There are also massive differences between 2008 and now. In particular Ben didn't have the printing presses operating at full speed ahead then.
sorry guys, wasn't me, the save button stuck, FYI Tyler
Barry will save us!! Barry, Barry , Barry he speaks tonite, owwww immaculated one!
1
If the Rossi/Focardi Energy Catalyser is real.Will its introduction in October be in time to meaningfully drive down the oil price and prevent a collapse? I'm just wondering what the realisation of the existence of such a technology will do.Governments will be clamouring for it and I can see it replacing a meaningful percentage of oil use in five years but what will its immediate effect be?
Barry will save us!! Barry, Barry , Barry he speaks tonite, owwww immaculated one!
Barry will save us!! Barry, Barry , Barry he speaks tonite, owwww immaculated one!
Barry will save us!! Barry, Barry , Barry he speaks tonite, owwww immaculated one!
Or geo-politcal/political economic strife....
"Initially, a rally in Oil prices is believed to be positive for stocks as it is considered to indicate economic growth "
yes, always a fucktard will conflate the effects of monetary inflation with economic growth...
Who are these "in the know" investors? Qadhafi? Mortimer Snerd? Barry Bonds?
I presume the "in the know" investors are the insiders, whom are quietly selling off while the sheeple are fed bullish pipedreams.
Anyone still in paper needs to withdraw head from ass and get in to physical PMs. This bitch is sinking.
I'm cashing in all retirement funds and buying physical PM's. Fuck the US Markets. Fuck Buffet, Soros, Cramer, Paulson, and the rest of the market experts. One thing I've learned (the hard way) do the opposite of what they say because that's what they're doing. How else are they gonna suck funds out of the market?
Silver, Guns and bullets!
Another 2008 would portend a rather dramatic suckout in PM prices, ie; perhaps the last great buying opportunity, no?
Or is it different this time around - will people flee the dollar and flood into PM's?
Tough one to call. I posed the same question in a post on another thread yesterday.

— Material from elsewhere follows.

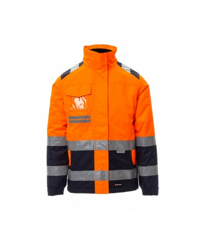 Zweifarbige, gut sichtbare Damenjacke mit 3M-Streifen, Kunststoffreißverschluss mit Metallzug mit Klappe und Klettverschluss, ausklappbarer Kapuze, elastisch verstellbaren Manschetten, zwei verdeckten Vordertaschen, einer Brusttasche mit Ausweishalter. Gepolstert, Fleece-Innenkragen, Innentasche, heißgeklebte Nähte
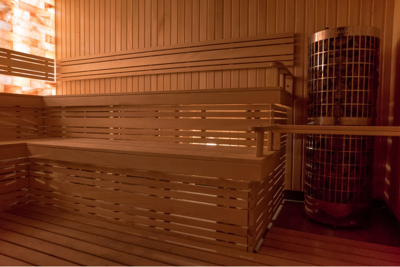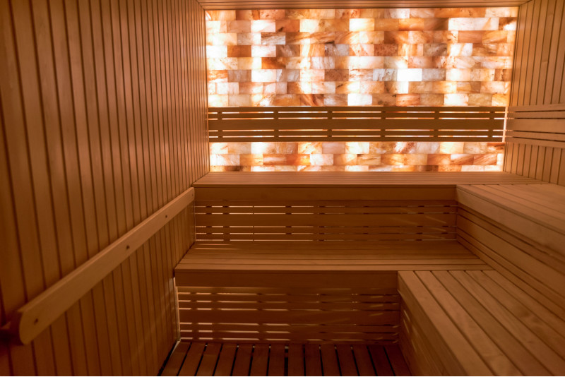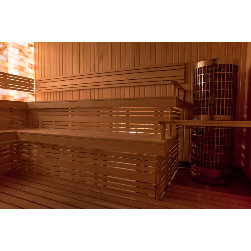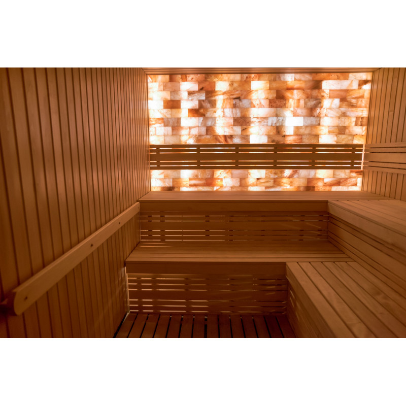 Humidity and temperature resistant 4 lamps and LED lighting behind the Himalayan salt wall were used to illuminate the sauna.

But after some more thought, I think it may turn out like this.
There will be a strong drop in PM prices initially, as people flock to the "safe haven" of T-bills they used in 2008, in a knee-jerk reaction. But that occurred within the context of a financial system that was supposedly "saved" by TARP and stimulus, etc. Once it becomes clear that the world financial and commercial systems themselves have been severely damaged this time, the flight will be to the only proven historic store of value: PMs. The demand will be unprecedented, and PMs at that point will go not just parabolic, but logarithmic.
The trick will be to time the point at which things turn. It may not take that long - days, perhaps hours. If you can buy low after the initial drop, the ride up will be one for the ages.
investors are the insiders, whom are quietly selling off
Yes, in record numbers for the last few months
Well, it’s federal layoff day, and I’m in another ghost town, with people hiding in homes they are not making payments on, or driving down to Wal-Mart in big trucks they are not making payments on, to buy Ipads with the Fed’s amazing infinite credit machine that is destroying everything in its path, hunting …
Enterprise Architecture, Empire Economics, & Global Revolution
An independent economy is the aggregate function of individual effective decisions. An empire, the supply-side counterweight to the portfolio, seeks to replace natural demand with artificial demand, to rest replication control, with the intent of holding children hostage to its efficient replication. When the intersection exceeds equilibrium, the consumption virus takes off exponentially until threshold, resulting in cancer across the tracks. Empires reward efficiency (economic activity) and penalize effectiveness (economic profit). That’s what they do. They are also relatively counter-intuitive.
Nothing is as simple or complex as it sounds. Nothing is free. Evolution has made an incredible investment in you specifically; reward it by building onto the gate system, to grow the circuit. Free riders are the temporary counterweight in any system; employ accordingly, in cascading tracks.
The unknown door is always labeled heads I win, tails you lose, which is an invitation to cooperation or competition, depending upon perspective. Build the counter-balance to form the looking glass and the necessary wave thrust will present itself. Balance the fulcrum to provide the opposite direction and the empire will do the rest. Leverage, leverage, leverage, up and down, and across each dimension to provide the necessary energy of catalysis; that’s transformation.
You are given a straight-line dragster, seated with billions of want-a-be drivers, watching the video stream in a shoe store. The starting line is a dead stop at the base of the largest economic mountain in History, which has no established roadway, and the fuel at your back is the largest wave of defaults in History, which the Fed is “engineering” across the global economy. Backlash is a threat or an opportunity, depending upon perspective.
Empires present false threats to their ordained destiny (divine providence) as SOP. Filter to identify a desirable abutment (exit), add delay devices on the empire side of the switch as necessary to load the spring with each revolution, build a multiplexing (parallel) bridge system to the unknown, and repeat. You climb Mt Everest for the adventure; the view is icing on the cake. Sometimes, the mountain is a volcano.
You are not free; you are an investment and return is expected. Value yourself accordingly.
So, as we have seen all the lies of empire History pop off the stack, we learn that supply-side welfare begins at the top, driving corporate nexus accounting profits, to incorporate governments, companies, unions, churches, and non-profits across the system, incrementally building a middle-class delay mechanism to prevent backlash as required, all depending entirely upon unsustainable natural resource exploitation.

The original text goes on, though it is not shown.